# [To do]
Within the listing below, give again exactly the lines between the one containing "Bitlis’te bulunan Rahva" and the one containing "Wholesale Retro distressed", inclusive, pictures left aside.

:: Material for the task

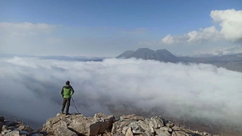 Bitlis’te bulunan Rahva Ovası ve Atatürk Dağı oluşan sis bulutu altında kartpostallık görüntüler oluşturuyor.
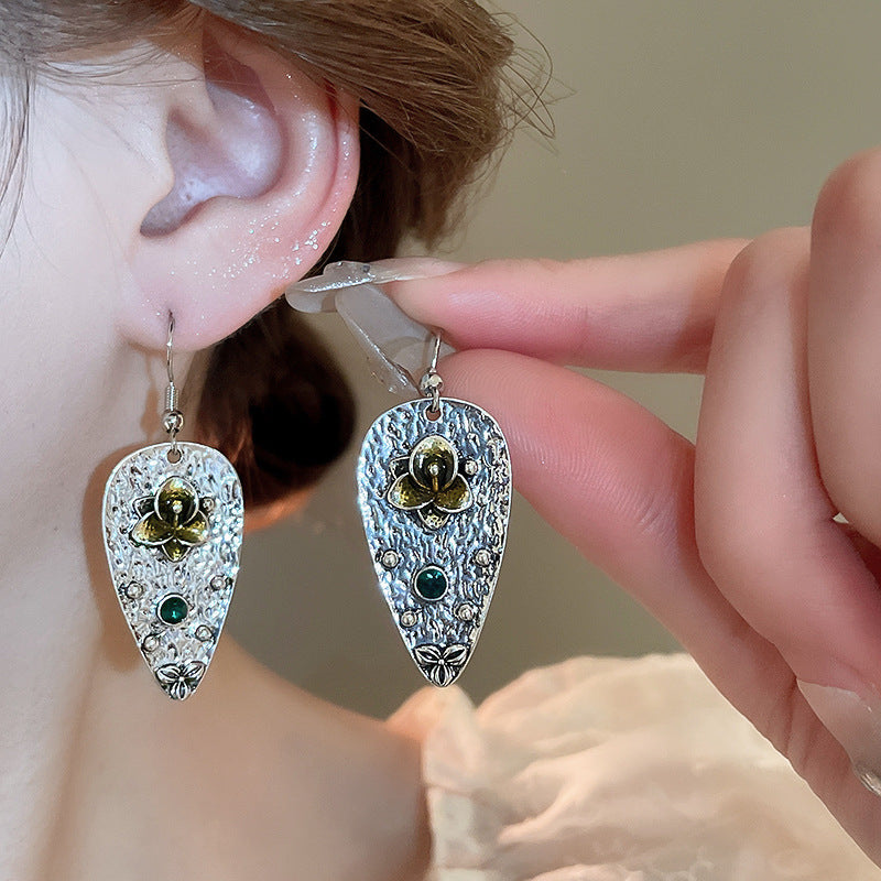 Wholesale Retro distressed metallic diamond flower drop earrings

::::
:: Material for the task

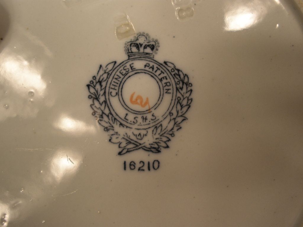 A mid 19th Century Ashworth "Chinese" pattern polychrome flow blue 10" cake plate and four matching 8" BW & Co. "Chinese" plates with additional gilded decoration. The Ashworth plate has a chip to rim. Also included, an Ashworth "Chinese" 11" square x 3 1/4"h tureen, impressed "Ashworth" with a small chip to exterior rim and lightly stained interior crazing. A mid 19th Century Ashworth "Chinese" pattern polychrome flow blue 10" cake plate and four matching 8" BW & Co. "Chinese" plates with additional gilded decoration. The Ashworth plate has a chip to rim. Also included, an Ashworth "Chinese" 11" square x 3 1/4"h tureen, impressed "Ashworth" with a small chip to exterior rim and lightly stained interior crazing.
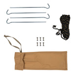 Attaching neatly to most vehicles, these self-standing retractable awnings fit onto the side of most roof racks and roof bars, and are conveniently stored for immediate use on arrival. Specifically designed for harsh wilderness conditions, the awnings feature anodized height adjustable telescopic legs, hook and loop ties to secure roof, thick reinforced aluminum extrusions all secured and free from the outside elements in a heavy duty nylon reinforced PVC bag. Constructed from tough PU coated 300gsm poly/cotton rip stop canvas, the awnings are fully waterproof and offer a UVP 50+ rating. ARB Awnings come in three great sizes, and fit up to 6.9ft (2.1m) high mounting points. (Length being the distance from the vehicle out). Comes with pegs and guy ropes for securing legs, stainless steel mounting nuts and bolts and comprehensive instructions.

::::

# [Response area]
 Bitlis’te bulunan Rahva Ovası ve Atatürk Dağı oluşan sis bulutu altında kartpostallık görüntüler oluşturuyor.
 Wholesale Retro distressed metallic diamond flower drop earrings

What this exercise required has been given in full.